**WORK ORDER:**
Would you count the lines in the material below that include the string "Stari"? Only the number is needed.
Top of EXTRACTED INFORMATION
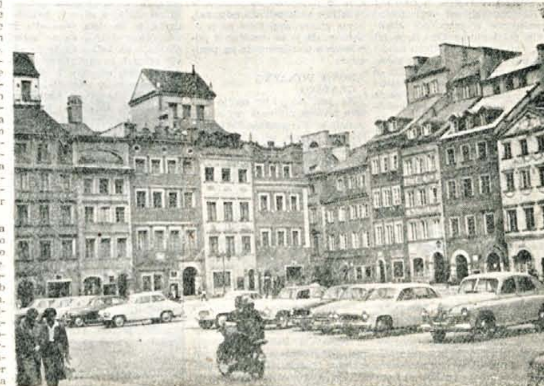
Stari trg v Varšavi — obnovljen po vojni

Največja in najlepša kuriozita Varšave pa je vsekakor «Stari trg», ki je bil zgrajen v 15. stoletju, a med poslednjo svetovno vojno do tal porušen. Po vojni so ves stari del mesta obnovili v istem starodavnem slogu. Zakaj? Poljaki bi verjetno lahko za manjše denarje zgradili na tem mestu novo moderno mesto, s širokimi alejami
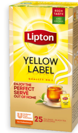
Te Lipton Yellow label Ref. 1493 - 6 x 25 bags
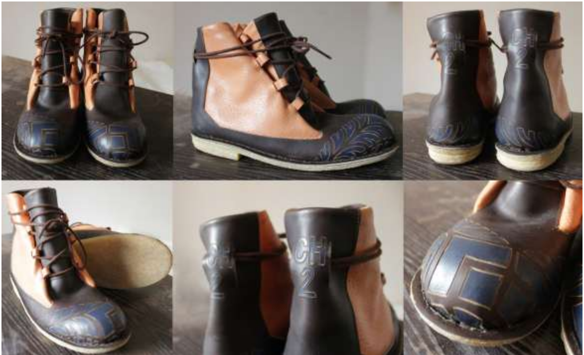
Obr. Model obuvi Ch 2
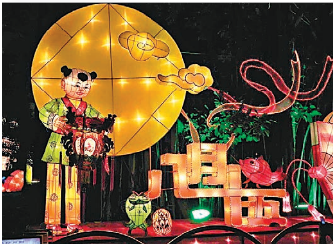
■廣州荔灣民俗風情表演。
Bottom of EXTRACTED INFORMATION
Top of EXTRACTED INFORMATION
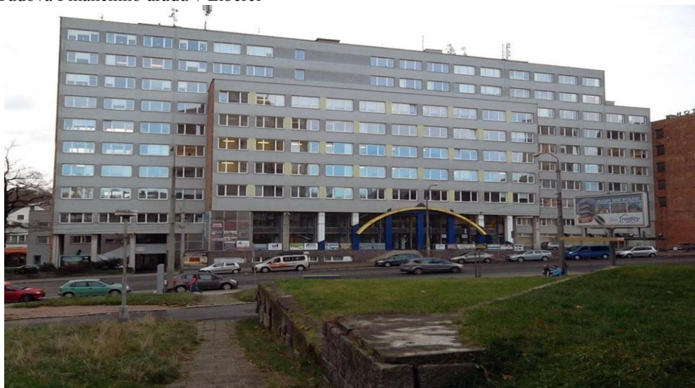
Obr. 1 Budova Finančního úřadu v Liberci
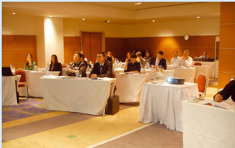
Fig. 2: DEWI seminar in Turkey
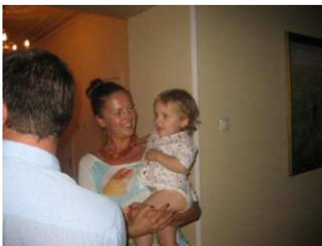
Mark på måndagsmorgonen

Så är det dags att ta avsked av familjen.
Bottom of EXTRACTED INFORMATION
**FINISHED TASK:**
2